不过最最震惊的不是别人,正是那位刀疤哥,他在听到张乐的话后,就像是被雷劈了一样,身体直愣愣的定格在了当场,而他原本迈向楼梯的一只脚,也就这样悬在了空中。
多少年了……有多少年再没有人这样称呼自己了?
刀疤哥侧过脸,真真正正看到了脸上还同样带着震惊的张乐。
虽然过去了很多年,长相有些细微的变化,但是张乐眉宇间的轮廓还是改变不了的。
“阿乐……”刀疤哥的声音有些哽咽。
“亮子,果然是你!”听到对方叫出了自己的名字,张乐大喜过望,一脸欣喜的就抬腿冲了过去。
刀疤哥旁边的随从看到这样的情景,也不知道两人到底是什么关系,只是害怕自己的老大会受到伤害,于是下意识的就站前了一步想要将张乐挡下来。[]不过却是脚下刚有动作就被刀疤哥大力的推开了。
然后,在众人震惊的眼神中,两个人紧紧的拥抱在了一起。
他们确实是好基友,世界上最好最好的基友,但是此刻却不是在搞基,而是兄弟间真情实感的自然流露。
“王八蛋,老子就知道你他妈还活着,活得好好的!”张乐笑骂道。一拳重重的擂在刀疤哥的胸口,眼角却是情不自禁的有些泪光闪动。他想哭。
“好兄弟。”刀疤哥拍了拍张乐的肩膀,想说些什么,却是喉头滚动了几下不知道说什么才好。
半晌,刀疤哥像是想起来了什么似的,一双眼睛像毒蛇一般冷冷的盯着不远处站着的金老三。
金老三早就吓得腿软了,浑身打了个激灵。看到刀疤哥和张乐的亲密样子,是傻子也知道两个关系匪浅了。
这个年纪轻轻却在天海黑道上成名已久的刀疤哥可是每一个混混心中的梦魇,只因他一贯的血腥暴力,心狠手辣,被他盯上过的人到目前为止还没有谁能保持身体的完整――非死即残!
“误会……刀疤哥,这都是误会――”
金老三哭丧着脸还想要解释几句,不过显然对方是不肯给他这个机会的。(.无弹窗广告)
“打断一条腿,扔到空空门门口去。

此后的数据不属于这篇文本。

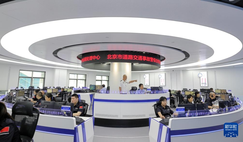 5月23日,在北京市公安局交管局北京道路交通事故警保合作远程处理中心,事故处理支队支队长于海涛(中)和民警在统筹调度全市轻微交通事故警情远程处置工作。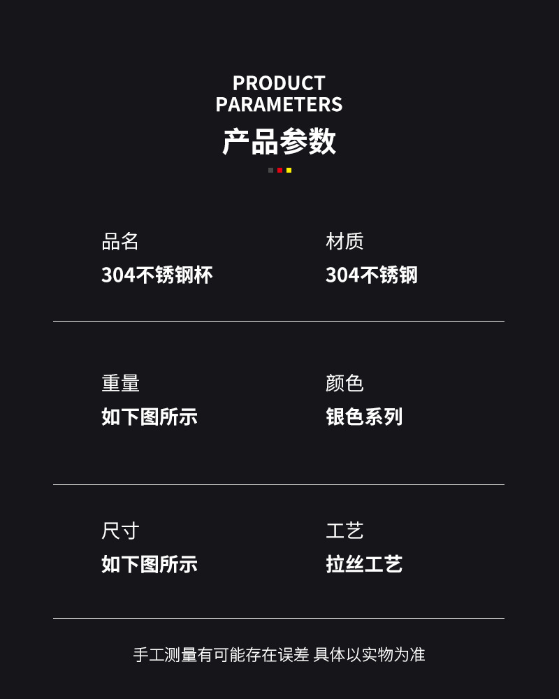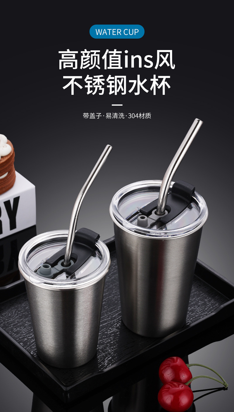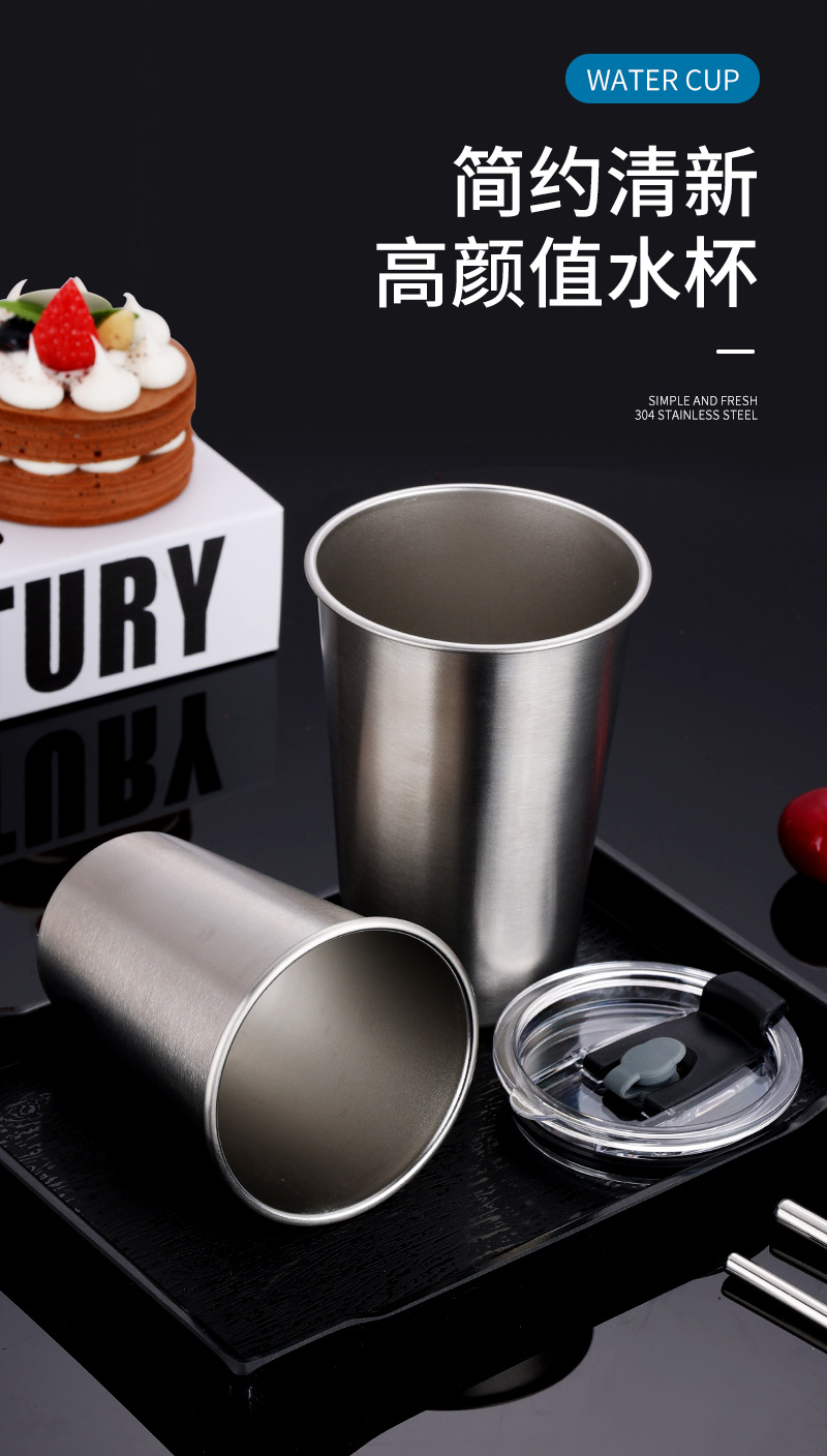 跨境304不锈钢杯子大容量咖啡杯防摔啤酒杯茶杯随行杯水杯套装

”
“是!”一众随从听到刀疤哥的吩咐,连忙应诺道,然后抽出家伙就朝着金老三扑了过去。
“刀……刀疤哥,看在我们门主的面子上――”金老三连连求饶。
不过回应他的是一声恐怖的骨头断裂的声音。
“啊――!!”金老三一声惨烈的痛呼,然后直接便昏死了过去。
没一会儿,金老三和他那几个跟班就被拖到了天桥下的那辆金杯面包车里,看刀疤哥的几个随从训练有素的样子,想来这些事他们也没少干。
天桥上又一次的安静了下来,刀疤哥和张乐并肩坐在台阶上。
“抽烟不?”刀疤哥抽出一根烟来递给了张乐。
张乐伸手接过,旁边站着的一个穿着西服,似乎是小头目模样的男人立马殷勤的上前为两人点上火,然后识相的走开了,将空间和时间都留给了这兄弟两人。
沉默良久,因为太长时间没有接触,还有身份的改变,两个人都不知道该怎么开口。
张乐侧过头看了看刀疤哥脸上那道触目惊心的恐怖伤疤,欲言又止,这道疤痕他是永远也忘不了的,这也是他为什么第一时间就能将刀疤哥认出来的原因,一时间,回忆潮水般翻涌。
刀疤哥的本命叫毕亮,比张乐还大两岁,两个人都是石岭村的人,从小就十分要好,可以说是穿同一条裤子长大的。
在张乐的记忆中,毕亮无父无母,只由一个年迈的爷爷带着,日子过得十分艰难,所以那时候作为村里经济户的张乐家,也时常去接济些米粮给这一对爷孙。
那一年春天,毕亮的爷爷在水田里拉着老牛犁田,两个小伙伴就在田边玩泥巴玩的不亦乐乎。
就在毕亮爷爷小憩间,突然,那头老牛不知道发什么疯,野性难驯的就朝着张乐冲了过来。张乐哪曾见到过这副场面,那时候胆子也小,当时就被吓傻了,站在田里一动不动。
千钧一发之际,是旁边的毕亮奋不顾身的一把就将张乐推开了,但是他自己却被老牛顶上了,牛角狠狠的刺进了他的左边脸上,伤口深可见骨,鲜红的血液哗哗的往下流,染透了一身的衣裳。
那一幕,深深的刻在了张乐的脑海里。
再大些,也懂事一些了,张乐知道,毕亮是为了报恩。
后来毕亮的伤好了,但是脸上的疤痕却是永久的留下了,虽然他总是笑着说没事,可张乐却一度的难过了很久。
患难见真情,不仅情人间是这样,兄弟间也是如此,两人的感情越来越好,张乐的父亲甚至不止一次的当着毕亮的爷爷戏言,要收毕亮当干儿子,并且为毕亮的爷爷养老。
毕亮的爷爷知道张大山是因为那件事情而愧疚想要做出些补偿。所以老人毫不犹豫的拒绝了。
穷人虽穷,但他们也有自己的尊严。
日子虽然过得清苦,但是张乐和毕亮的童年却是一点也不灰暗。一起爬树掏鸟窝,一起下河摸鱼虾,甚至还一起偷看过村头的刘寡妇洗澡。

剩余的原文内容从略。